Perchè la stessa valutazione non si verifica per i bambini Rom? Tanti dovrebbero riflettere sulle motivazioni della sentenza della Cassazione che afferma: la madre rom non faceva parte «di un’organizzazione volta allo sfruttamento dei minori», ma occorre anche «prestare attenzione alle situazioni reali».
Primo: la donna mendicava per povertà.
Secondo: mendicava con il figlio soltanto per alcune ore del giorno, quindi non c’è «quella integrale negazione della libertà e dignità umana del bambino che consente di ritenere che versi in stato di servitù».
Terzo: non si possono «criminalizzare condotte che rientrino nella tradizione culturale di un popolo», per «alcune comunità etniche costituisce una condizione di vita tradizionale molto radicata nella cultura».
Le motivazioni di questa sentenza mettono in evidenza un reale dato di partenza della realtà e dei bisogni di molte famiglie rom e sinte, realtà e bisogni che si possono modificare con la programmazione di una corretta politica di interazione con Rom e Sinti, ma in particolare le motivazioni di questa sentenza della Cassazione è un atto di accusa alla politica, che quando si tratta delle nostre minoranze:
1) non intende svolgere il proprio dovere
2) non applica diritti e principi costituzionali
3) utilizza la discriminazione razziale per la ricerca del consenso
4) non attiva corrette opportunità di politiche sociali coerenti alla realtà ed ai bisogni
5) ignora ogni forma di strategia interculturale con e per Rom e Sinti.
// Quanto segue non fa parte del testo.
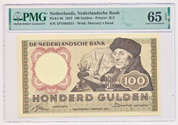Pays-Bas 100 florins 1953 Erasmus PMG65 EPQ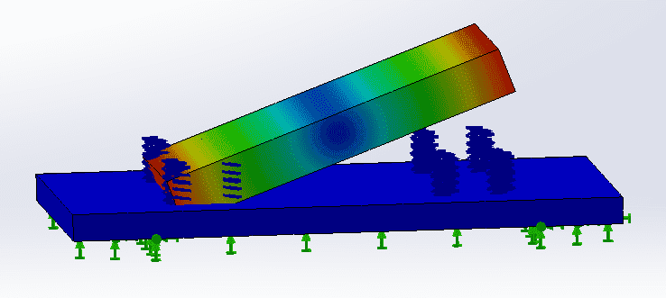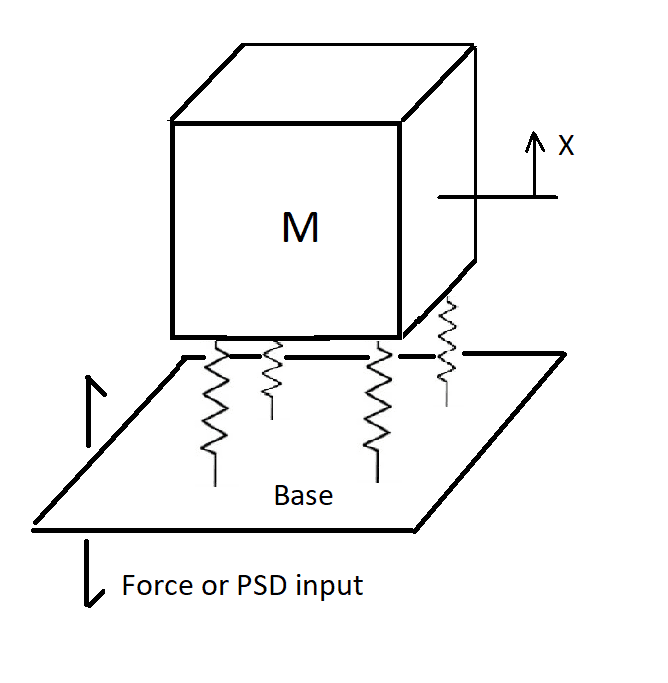 The system is a 4 springs and 1 mass on a vibrating base, the system has a low natural frequencies (the mode shapes are: 4, 4.2, 5, 5.5, 8, 11, 11.2 Hz). When excited with a random vibration like in the attached PSD curve below.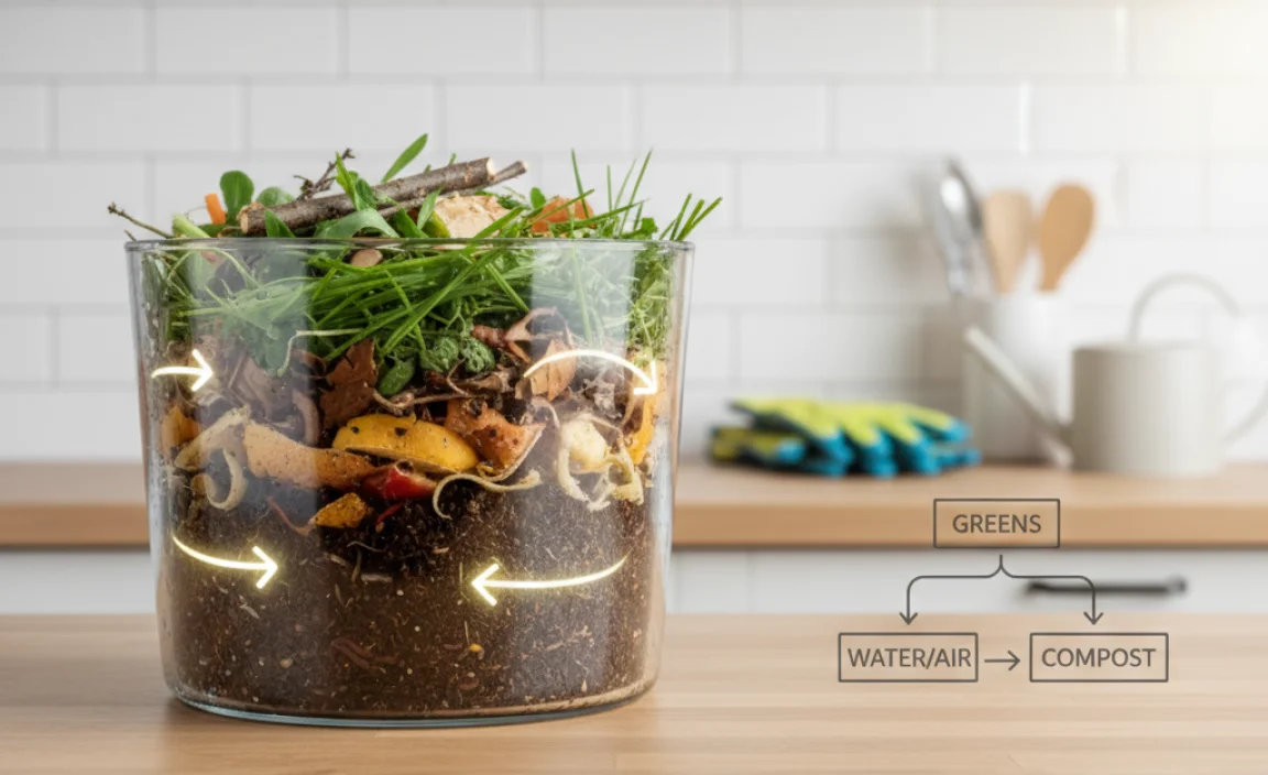 For best results, aim for a balance of about 2-3 parts brown (carbon-rich) materials to 1 part green (nitrogen-rich) materials by volume. This ensures good aeration and nitrogen for the microbes.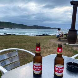 Platz direkt am Meer mit zwei Strandbars. 10 Euro die Nacht.

Anche io da bambino ho aiutato la mia famiglia chiedendo l’elemosina, nessuno mi ha mai costretto a farlo e quando i miei genitori non mi portavano con loro a “manghel” cioè a chiedere l’elemosina, stavo male perché non potevo essere utile all’economia familiare. Mio padre ha sempre lavorato ma il reddito non era sufficiente e quindi i miei genitori erano obbligati a chiedere l’elemosina per non far mancare il necessario per mangiare ai propri figli. di Nazzareno Guarnieri, continua a leggere…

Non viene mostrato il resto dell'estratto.